● **Data items**

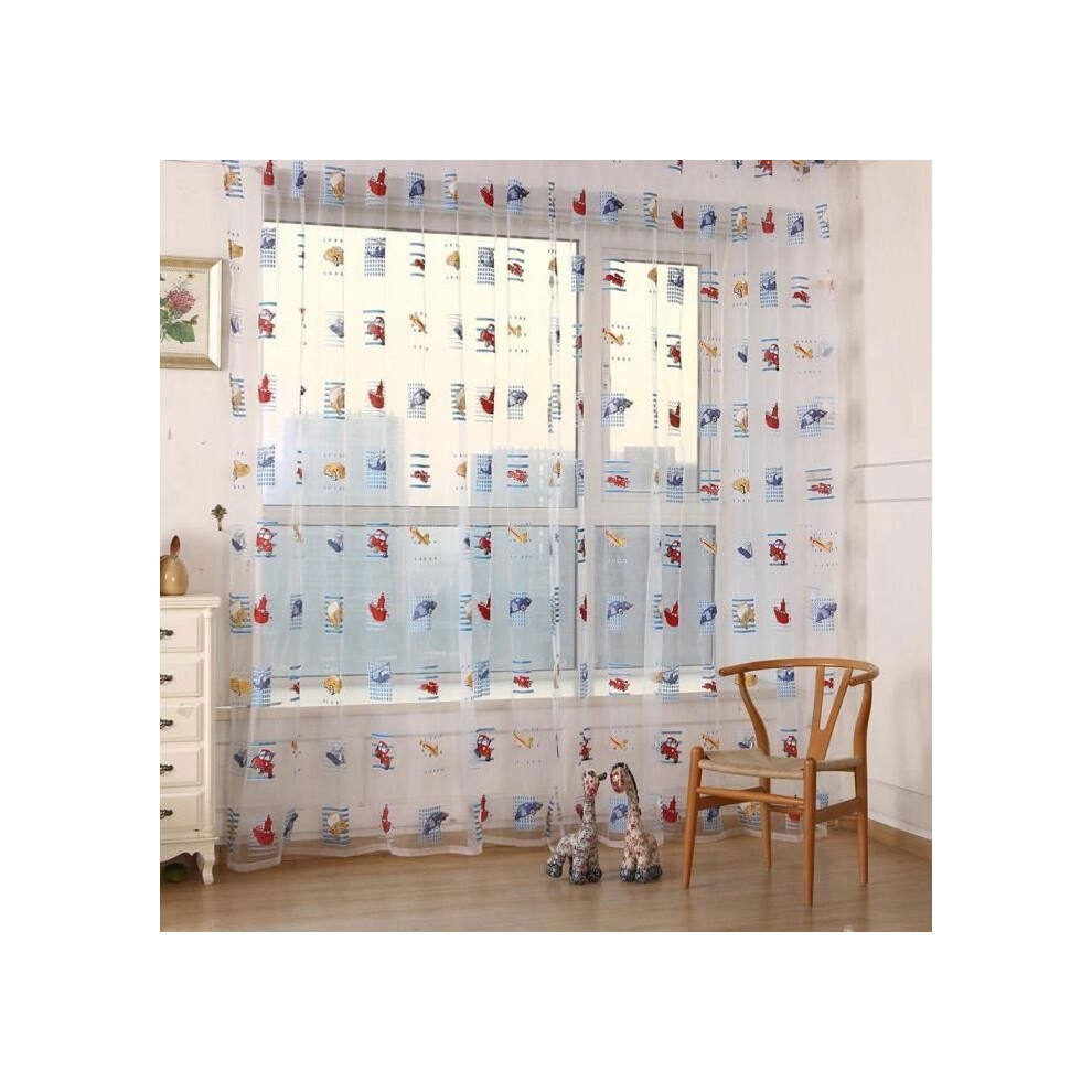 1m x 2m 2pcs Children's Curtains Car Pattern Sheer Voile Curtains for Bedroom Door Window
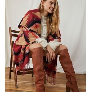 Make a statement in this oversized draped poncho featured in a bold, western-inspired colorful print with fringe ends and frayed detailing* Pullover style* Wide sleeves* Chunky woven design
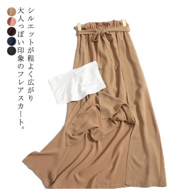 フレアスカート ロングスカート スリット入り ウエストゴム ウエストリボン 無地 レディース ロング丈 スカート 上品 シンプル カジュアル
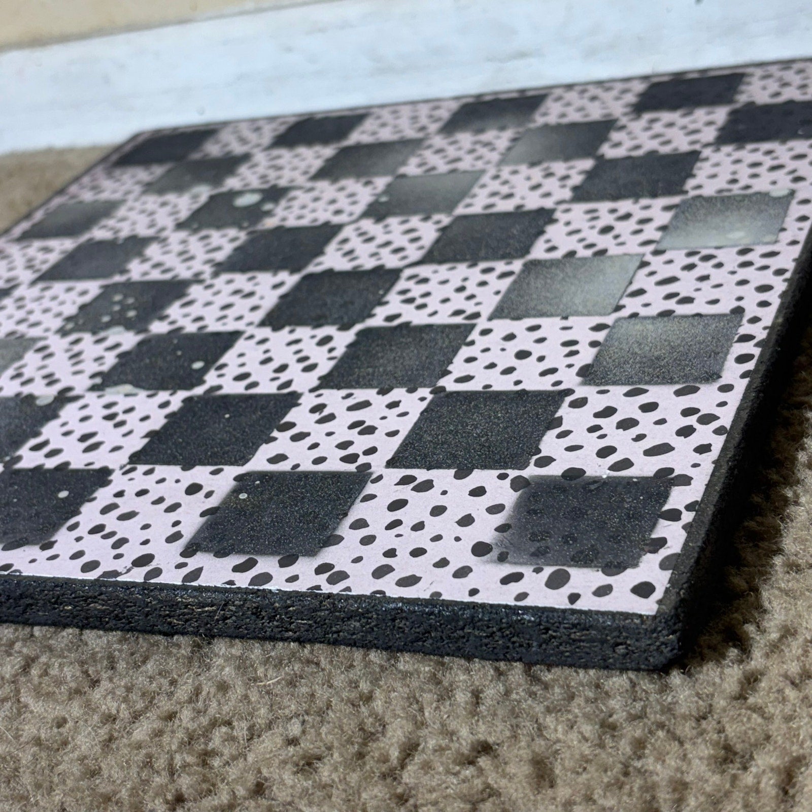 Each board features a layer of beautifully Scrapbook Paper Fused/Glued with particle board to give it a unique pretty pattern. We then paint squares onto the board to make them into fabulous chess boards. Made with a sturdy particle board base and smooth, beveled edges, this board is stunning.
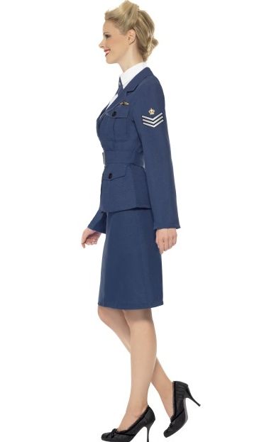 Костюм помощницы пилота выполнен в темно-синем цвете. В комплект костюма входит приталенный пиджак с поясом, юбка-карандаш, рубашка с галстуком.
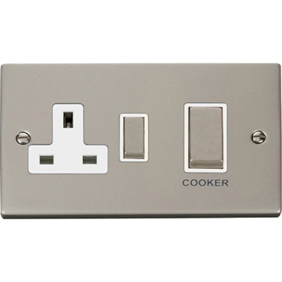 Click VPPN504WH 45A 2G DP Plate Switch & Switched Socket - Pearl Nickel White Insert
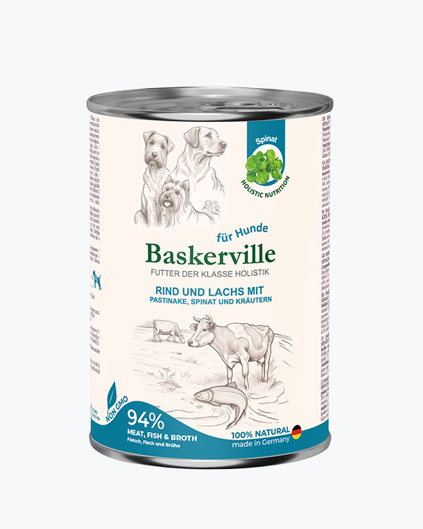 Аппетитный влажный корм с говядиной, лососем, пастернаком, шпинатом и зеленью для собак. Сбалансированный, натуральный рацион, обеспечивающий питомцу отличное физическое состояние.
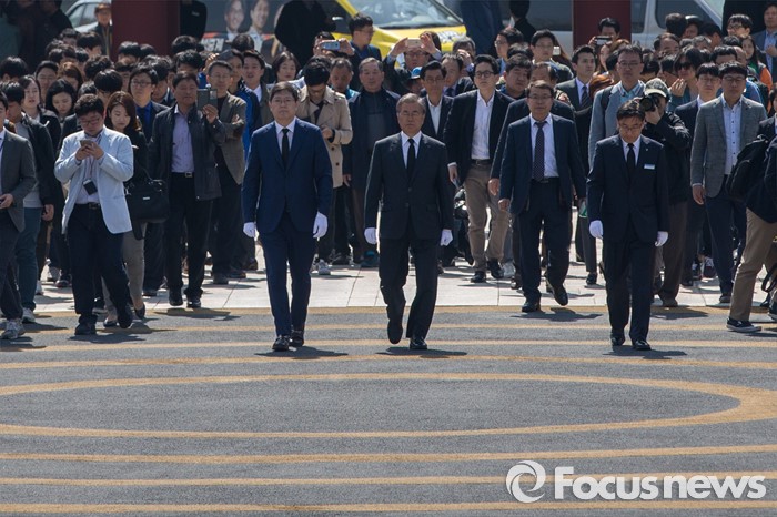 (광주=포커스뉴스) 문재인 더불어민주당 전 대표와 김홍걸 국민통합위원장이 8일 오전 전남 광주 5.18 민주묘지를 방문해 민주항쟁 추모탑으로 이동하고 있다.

● **What the task requires**
Please print each entry exactly as given and keep pictures out of it.

● **Written response**
 1m x 2m 2pcs Children's Curtains Car Pattern Sheer Voile Curtains for Bedroom Door Window
 Make a statement in this oversized draped poncho featured in a bold, western-inspired colorful print with fringe ends and frayed detailing* Pullover style* Wide sleeves* Chunky woven design
 フレアスカート ロングスカート スリット入り ウエストゴム ウエストリボン 無地 レディース ロング丈 スカート 上品 シンプル カジュアル
 Each board features a layer of beautifully Scrapbook Paper Fused/Glued with particle board to give it a unique pretty pattern. We then paint squares onto the board to make them into fabulous chess boards. Made with a sturdy particle board base and smooth, beveled edges, this board is stunning.
 Костюм помощницы пилота выполнен в темно-синем цвете. В комплект костюма входит приталенный пиджак с поясом, юбка-карандаш, рубашка с галстуком.
 Click VPPN504WH 45A 2G DP Plate Switch & Switched Socket - Pearl Nickel White Insert
 Аппетитный влажный корм с говядиной, лососем, пастернаком, шпинатом и зеленью для собак. Сбалансированный, натуральный рацион, обеспечивающий питомцу отличное физическое состояние.
 (광주=포커스뉴스) 문재인 더불어민주당 전 대표와 김홍걸 국민통합위원장이 8일 오전 전남 광주 5.18 민주묘지를 방문해 민주항쟁 추모탑으로 이동하고 있다.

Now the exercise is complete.